Pam Allan: Yeah. Yeah. I mean, hopefully we're trying to grow something and we're not just stale, but anyway, hopefully there's a purpose there in that connection, in that relationship.
Corey Allan: Absolutely. Because one of the things I love is the idea that marriage can take you places that you can't go on your own. And this came on Instagram that we posted this on our Instagram account last week that says, when you want to use your sex life as a means to grow yourself and your marriage up, it's often pointless and counterproductive to learn a variety of new sexual techniques. Because a lot of us think, oh, I want to improve my life, and so let's just learn new techniques. Let's try new things. But using sex as a vehicle for personal and relational growth, it's not the same as just doing something new. Rather, this process depends on maintaining a high level of personal connection with someone known and loved during sex.

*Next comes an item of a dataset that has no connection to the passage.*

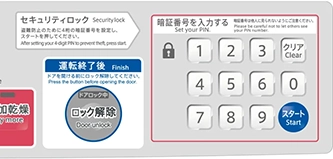 洗濯物の盗難防止に、セキュリティロック機能搭載。4桁の暗証番号入力設定でドアをロックできます。

Pam Allan: So it's about the connection. It's not about the idiosyncrasies of the how's and what's right,
Corey Allan: And then it's learning how to follow that connection to create something better, which requires full presence and consent of both spouses that you're both involved. And so I know right off the bat, some people are going to hear that and go, but my spouse isn't on board with that. But that doesn't mean there's not still a potential for connection. It just means you're not getting the connection you want. But there still can be a connection there,
Pam Allan: Which can't be discounted, but you got to figure out how to deal with that separately. Right.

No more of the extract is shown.